Переиграть Афродиту (СИ) - Самтенко Мария. Страница 30

Третий голос — самый опасный. Он вроде бы ничего и не просит, и говорит тихо, но иногда ей хочется улыбнуться, а иногда — встать, отогнать густой туман, положить руки ему на плечи, скользнуть ладонями по спине, обнимая, и…

Тогда — очень редко, но все же бывает — она возвращается в свое тело и ощущает мягкую лежанку под спиной и чуткие пальцы в волосах. Это прикосновение не причиняет боли, от него не хочется бежать, оно не обязывает ни к чему, но Персефона интуитивно чувствует, что это ловушка.

Третий голос тоже хочет, чтобы она вернулась.

В какой-то момент появляется четвертый голос. Он-то как раз зовет, всхлипывает, шумно рыдает и просит прощения, и от этого голоса Персефоне хочется спрятаться. Провалиться поглубже, спрятаться подальше. Каждый раз она с охотой принимает темное облако, чтобы не слушать откровений четвертого голоса о том, как голос хотел, чтобы Персефона была счастлива, и что он не знал (не знала?), что она невинна, иначе никогда не отдал (отдала?) ее Пейрифою. Тому самому, с грубыми руками, самодовольным смехом и скользким, намазанным маслом телом.
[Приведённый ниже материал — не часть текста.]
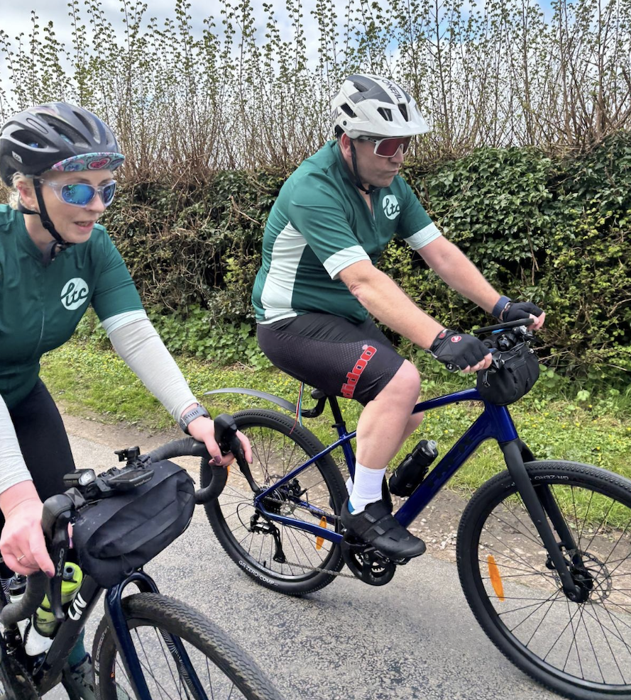 Amanda trains with fellow-cyclist & fundraiser, Joby Mortimer of Licensed Trade Charity
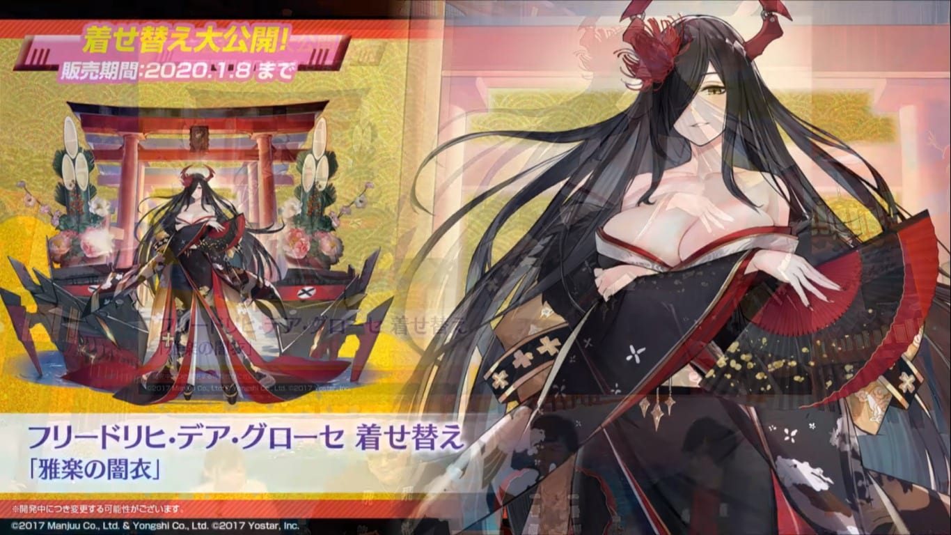 Next we take a look at beautiful New Year Skins for Ryuuhou, Noshiro, and Suruga, which will come with Live 2D animations.
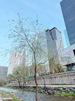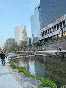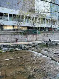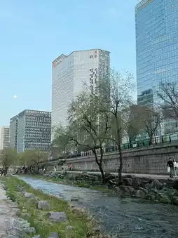 This is Cheonggyecheon Stream in Seoul. The stream stretches so long here, making it a great place for a stroll or just a break! It's a great place to stroll, as it's like the US, with warm sunlight pouring down during the day and the sunset in the evening. The abundance of trees makes this place even more relaxing. And if you sit and relax, the constant sound of water provides a soothing feeling. If you're looking for a relaxing walk in Seoul, I highly recommend this place. There are plenty of restaurants nearby, making it a great place to enjoy a stroll afterward.
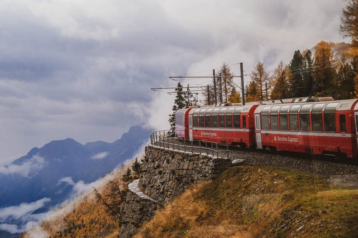 Die spektakulärste und nachhaltigste Anreise in die Valposchiavo erfolgt mit dem Zug. Mit dem Zug ab Zürich über Chur erreichst Du Poschiavo nach knapp fünf Stunden. Ab Chur fährt die Rhätische Bahn/ Bernina Express auf der grandiosen UNESCO Weltkulturerbe-Strecke über die Alpen – auf deiner der höchsten und steilsten Bahnstrecken der Welt. Im Herbst ist die Fahrt nochmal um einiges spektakulärer. Die Panorama-Wagen des Bernina Express sind reservierungspflichtig, die normalen Wagen nicht. Generell lohnt sich die Anschaffung eines Swiss Travel Passes, bei dem nicht nur Zugfahren, sondern auch Bus- und Bootsfahren inklusive sind.
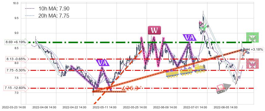 ♞ 10小时均线:7.90,20小时均线:7.75→ 快线>慢线
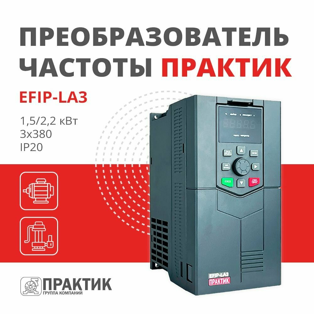 Частотный преобразователь 1,5/2,2 кВт 3х380 Практик EFIP-LA3-1R5G/2R2P-4T интересное:

Четвертый голос редко приходит один. Обычно он появляется вместе с первым или со вторым, словно они не до конца ему доверяют. С третьим — никогда, они, кажется, избегают друг друга. Персефона понимает третий голос как никогда. От четвертого голоса ей тоже хочется держаться подальше.

Но получается только поглубже.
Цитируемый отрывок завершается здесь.